* Materials provided *
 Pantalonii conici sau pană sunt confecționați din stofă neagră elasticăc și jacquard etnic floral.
==
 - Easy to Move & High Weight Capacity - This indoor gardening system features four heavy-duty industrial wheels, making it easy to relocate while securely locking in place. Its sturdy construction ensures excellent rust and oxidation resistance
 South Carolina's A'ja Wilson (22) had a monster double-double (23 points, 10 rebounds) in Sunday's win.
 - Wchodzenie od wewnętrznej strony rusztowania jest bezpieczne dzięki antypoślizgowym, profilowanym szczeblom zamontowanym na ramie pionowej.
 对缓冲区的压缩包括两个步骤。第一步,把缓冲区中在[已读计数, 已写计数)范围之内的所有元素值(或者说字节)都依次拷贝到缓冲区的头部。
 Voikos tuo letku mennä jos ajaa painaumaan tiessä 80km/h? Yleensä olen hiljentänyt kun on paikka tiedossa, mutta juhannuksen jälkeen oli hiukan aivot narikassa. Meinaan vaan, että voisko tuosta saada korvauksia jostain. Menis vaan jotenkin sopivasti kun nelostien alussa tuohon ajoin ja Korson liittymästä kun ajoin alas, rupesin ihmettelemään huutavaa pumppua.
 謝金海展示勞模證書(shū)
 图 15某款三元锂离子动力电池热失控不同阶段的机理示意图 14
...
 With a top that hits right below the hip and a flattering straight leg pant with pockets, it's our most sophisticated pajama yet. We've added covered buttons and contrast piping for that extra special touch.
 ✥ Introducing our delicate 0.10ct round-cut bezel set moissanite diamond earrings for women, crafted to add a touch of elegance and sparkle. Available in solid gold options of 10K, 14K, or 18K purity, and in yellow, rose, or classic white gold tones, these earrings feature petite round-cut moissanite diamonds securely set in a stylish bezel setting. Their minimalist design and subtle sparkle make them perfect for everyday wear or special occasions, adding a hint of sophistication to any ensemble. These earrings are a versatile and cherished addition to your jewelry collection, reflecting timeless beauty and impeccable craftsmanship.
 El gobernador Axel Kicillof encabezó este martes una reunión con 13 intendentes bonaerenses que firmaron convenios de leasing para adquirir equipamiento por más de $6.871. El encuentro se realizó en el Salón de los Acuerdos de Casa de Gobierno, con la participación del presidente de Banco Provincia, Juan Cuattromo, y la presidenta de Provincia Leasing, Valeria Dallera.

* What needs to be done *
Above are the entries. Quote exactly the lines from the one bearing "- Easy to Move" through the one bearing "图 15某款三元锂离子动力电池热失控不同阶段的机理示意图 14".

* Solution *
 - Easy to Move & High Weight Capacity - This indoor gardening system features four heavy-duty industrial wheels, making it easy to relocate while securely locking in place. Its sturdy construction ensures excellent rust and oxidation resistance
 South Carolina's A'ja Wilson (22) had a monster double-double (23 points, 10 rebounds) in Sunday's win.
 - Wchodzenie od wewnętrznej strony rusztowania jest bezpieczne dzięki antypoślizgowym, profilowanym szczeblom zamontowanym na ramie pionowej.
 对缓冲区的压缩包括两个步骤。第一步,把缓冲区中在[已读计数, 已写计数)范围之内的所有元素值(或者说字节)都依次拷贝到缓冲区的头部。
 Voikos tuo letku mennä jos ajaa painaumaan tiessä 80km/h? Yleensä olen hiljentänyt kun on paikka tiedossa, mutta juhannuksen jälkeen oli hiukan aivot narikassa. Meinaan vaan, että voisko tuosta saada korvauksia jostain. Menis vaan jotenkin sopivasti kun nelostien alussa tuohon ajoin ja Korson liittymästä kun ajoin alas, rupesin ihmettelemään huutavaa pumppua.
 謝金海展示勞模證書(shū)
 图 15某款三元锂离子动力电池热失控不同阶段的机理示意图 14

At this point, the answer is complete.